Économie française : « Il y a un rebond dans l'industrie, dans les services et dans le bâtiment et les travaux publics » constate Emmanuel Moulin, gouverneur de la Banque de France

Source d'origine 2 locuteurs

Audio original de l'émission.

Transcription Whisper (large-v3), avec identification des locuteurs. À recouper avec la source d'origine.

0:04
Présentateur

Emmanuel Moulin, bonjour. Bonjour David Abiker. Merci de venir parler aux auditeurs de Radio Classique. Une première question triviale et en même temps elle a son importance dans le cœur de beaucoup de Français. Est-ce qu'une victoire de l'équipe de France à la Coupe du monde de football aurait des effets positifs sur l'économie ?

0:22
Invité politique

Alors d'abord, il faut rester prudent parce qu'il reste deux matchs. Et donc comme en politique monétaire, on décide réunion par réunion et là il faut attendre match par match. Et donc je pense qu'il faut rester prudent sur la suite. Mais c'est déjà un formidable parcours que fait l'équipe de France. Alors ça n'a pas beaucoup d'impact en réalité. On peut avoir un rebond de la consommation en téléviseur mais ils sont souvent importés. On peut avoir un petit rebond aussi de la consommation dans les restaurants ou les bars, les livraisons de pizzas. Mais en général, d'autres secteurs ont des perspectives moins positives. Et donc en général, ça n'a pas beaucoup d'impact économique.
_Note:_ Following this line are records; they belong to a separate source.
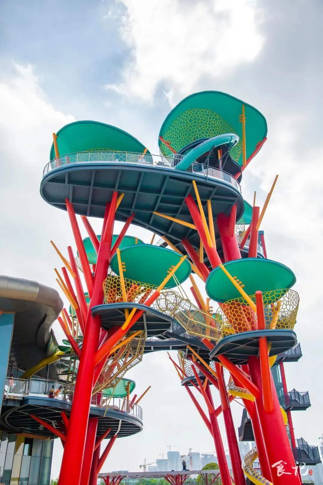 襄阳华侨城里,约10万方的生态艺术公园也丝毫不逊色,广阔的青葱与生机让人松弛下来,60余种类动植物在这里奏响生态和弦。
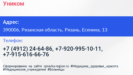 Уником по адресу 390006, Рязанская область, Рязань, Есенина, 13 в дальнейшем Организация, размещена в следующих категориях:
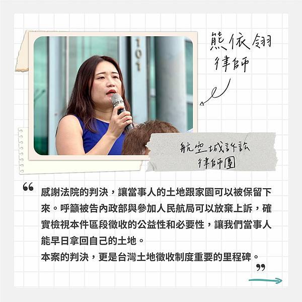航空城訴訟律師團律師熊依翎表示,「雖然我們目前還沒有看到,法院就本件有關區段徵收違法性的相關判決理由,但是我們相信這個判決,也給予所有在辦理的徵收案件機關,一個很重要的警示,所有的徵收都必須符合公益性、必要性跟比例原則。」
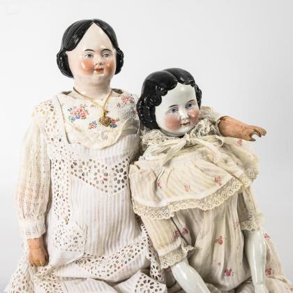 Beide mit Brustkopf, blauen Schlafaugen, originaler Perücke, Lederkörper und kariertem Kleid aus alten Stoffen. Dressel & Koch-Puppe mit Unterarmen und -schenkeln aus Masse, sowie weißer Spitzenhaube. Brandriss an linkem Ohr und Augenrand, rechtes Auge geklebt, Schlafaugen verklemmt. Kleine Bestoßungen am Körper. L 62 cm. Heubach-Mädchen mit ungleichen Porzellanunterarmen und grünem Gazehütchen. Haarriss am Hinterkopf, kleiner Chip am Auge, 1 Finger bestoßen. L 58 cm
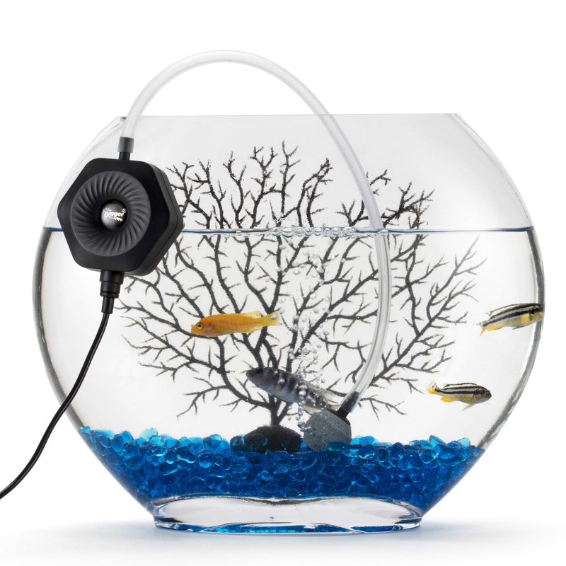 Hygger 971 Hexagon Air Pump helps to oxygenate the water through a mini air stone which creates a stream of little bubbles, thus aiding in water circulation. Compact tiny size is perfect for small aquariums and fish bowls up to 15 gallon. Build in a thin piezoelectric ceramic plate, it’s completely silent operation makes it perfect for bedroom, office and kitchen. It comes with everything you need: air stone, air tubing and a dual suction cup.
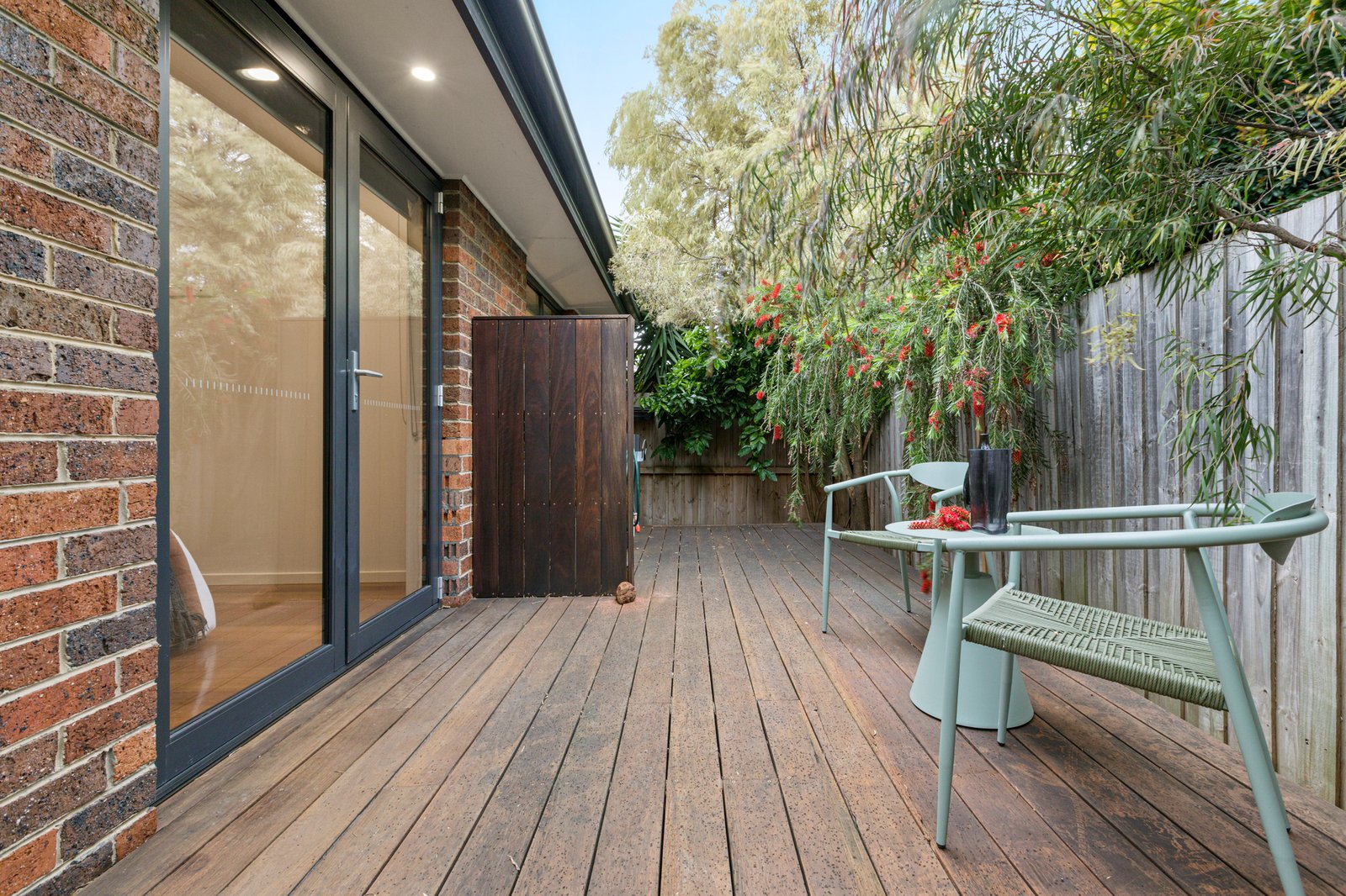 Mirrored wardrobes can be found in both of the generous bedrooms; they share a sleek monochrome bathroom with walk-in rain shower. A full laundry is also offered while outside, an extremely private courtyard with decking, low maintenance grassed area and undercover patio create the ideal spot to unwind in the fresh air.
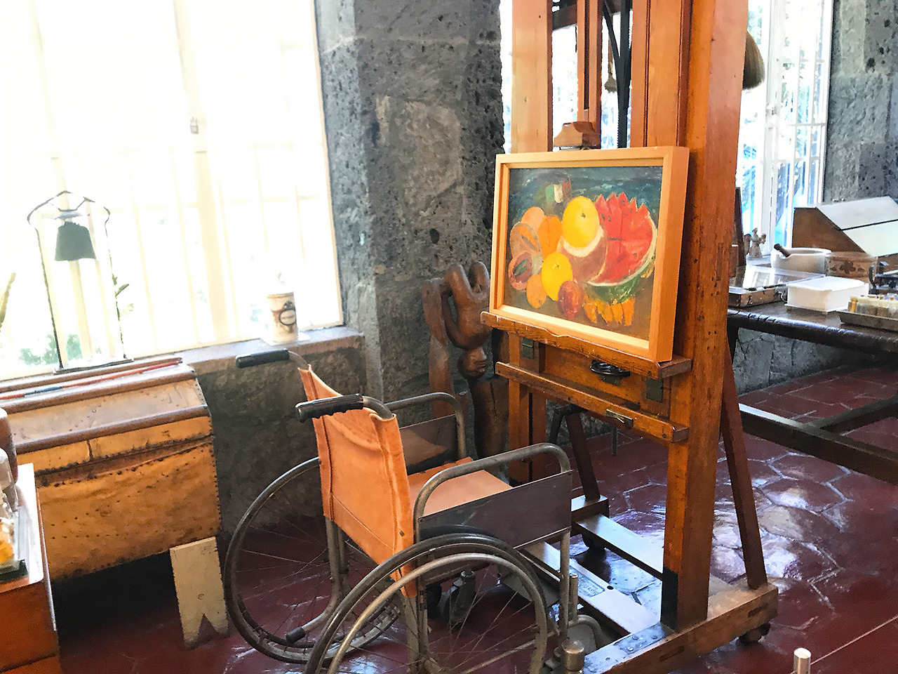 몸이 불편한 프리다칼로를 위해 특수 제작된 이젤과 낡은 휠체어 @ Casa Asul Coyoacan, Mexico city

Ça peut être favorable à la confiance des consommateurs. Et de toute façon, c'est surtout un bel exploit sportif.

1:11
Présentateur

Deux événements, Emmanuel Moulin, gouverneur de la Banque de France, étaient attendus cette semaine. Le premier, c'était ce quart de finale, France-Maroc. Et puis le deuxième, c'était la note de conjoncture de la Banque de France qui est scrutée par tous les acteurs économiques, les commentateurs de l'économie. Elle vient de publier donc cette note de conjoncture. La Banque de France, le risque de récession s'éloigne. Pouvez-vous nous expliquer pourquoi ?

1:33
Invité politique

Alors, si vous me permettez, je vais faire un petit retour en arrière. On a publié des prévisions économiques au mois de juin qui étaient fondées sur des hypothèses que nous avions prises à la fin du mois de mai. Et donc avec un prix du pétrole qui était assez élevé, à 100 dollars le baril. Et nous n'avions pas à l'époque le cessez-le-feu qui a été annoncé le 15 juin. Et nous avions des remontées du mois de mai qui étaient assez négatives. Et donc nous avions une prévision de croissance pour le deuxième trimestre qui était à zéro. Aujourd'hui, on a d'abord le cessez-le-feu. On a une baisse du prix du pétrole. Et puis nous venons de publier notre enquête mensuelle de conjoncture.

Qu'est-ce que c'est l'enquête mensuelle de conjoncture ? Nous interrogeons chaque mois 8500 chefs d'entreprise sur leur activité et les perspectives d'activité. Et les résultats que nous avons dans cette enquête de conjoncture sont assez positifs. Nous avons un rebond dans l'industrie avec notamment certains secteurs qui sont portés comme la défense, l'aéronautique, l'électronique, les centres de données et d'autres secteurs qui ont rebondi après un mois de mai qui avait été difficile parce qu'il y avait beaucoup de jours de congés, il y avait beaucoup de ponts et ça avait conduit à des fermetures plus longues que prévues, notamment dans l'automobile et dans le textile habillement.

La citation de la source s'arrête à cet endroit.